7. Technological Enablers for Resilience:

In the contemporary global economy, technology has emerged as a crucial component for creating and sustaining strong supply networks [55]. With disruptions becoming more frequent, complex, and global in scope, traditional supply chain management techniques—which frequently rely on human collaboration and static forecasting—have proven to be insufficient. Instead, supply chains are changing in terms of how they operate, adapt, and respond to events due to digital transformation, automation, and data-driven decision-making [56]. This section explores how technology plays a crucial role in enhancing visibility, responsiveness, and flexibility in the global trading environment [57]. The core of technological resilience is the ability to see supply chain operations in real time. Businesses now manage warehouses, track inventories, and monitor shipments using cloud computing and Internet of Things (IoT) devices [58].
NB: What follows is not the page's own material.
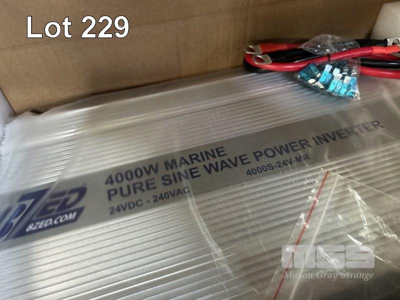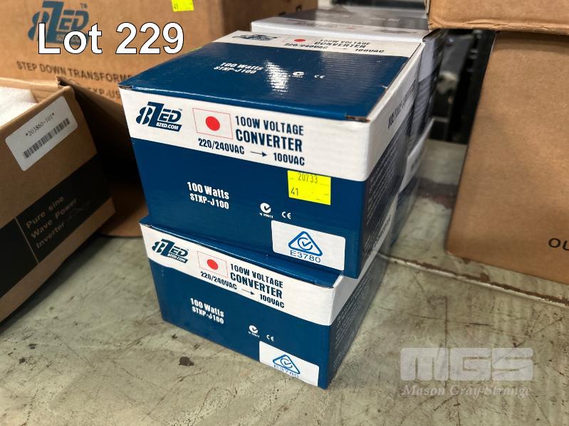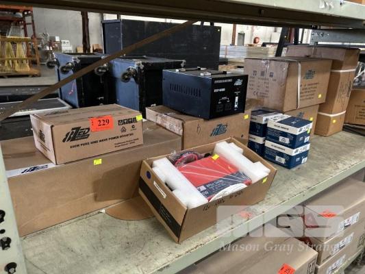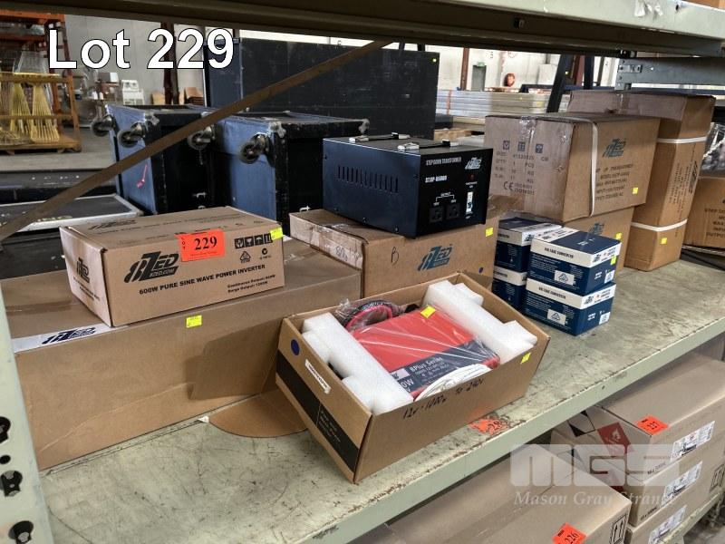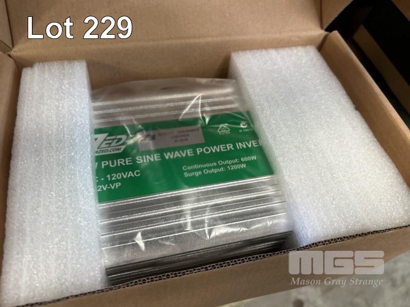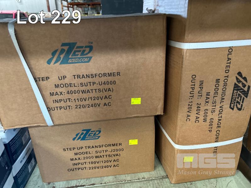 3 x POWER INVERTERS, 8 ZED, PURE SINE WAVE 4000w- 24V DC TO 240VAC, 1000w -12V DC TO 240VAC, 600w - 12V DC TO 120VAC, 3 x POWER TRANSFORMERS INCLUDING 5000w - 240V TO 120VAC, STEP DOWN 4000w - 120V TO 240VAC, STEP UP, 2000w - 120V TO 240VAC, STEP UP, 2 x 600w - 240V TO 120VAC, STEP DOWN, 4 x 100w - 240V TO 120VAC, STEP DOWN

Sensors installed in storage facilities and transportation vehicles provide minute-by-minute updates on the location and condition of goods, allowing businesses to identify delays or interruptions right away [59]. This level of traceability and monitoring is particularly important for products that are sensitive to temperature, such as vaccines, fresh produce, or chemical reagents [60]. Since air and sea routes were regularly closed or altered with little warning during the early months of the COVID-19 pandemic, real-time monitoring systems were crucial [61]. Artificial intelligence (AI) and machine learning (ML) have also emerged as crucial tools in predictive logistics [62]. Large datasets can be analyzed by these systems to forecast demand trends, identify potential bottlenecks, and optimize inventory allocation [63].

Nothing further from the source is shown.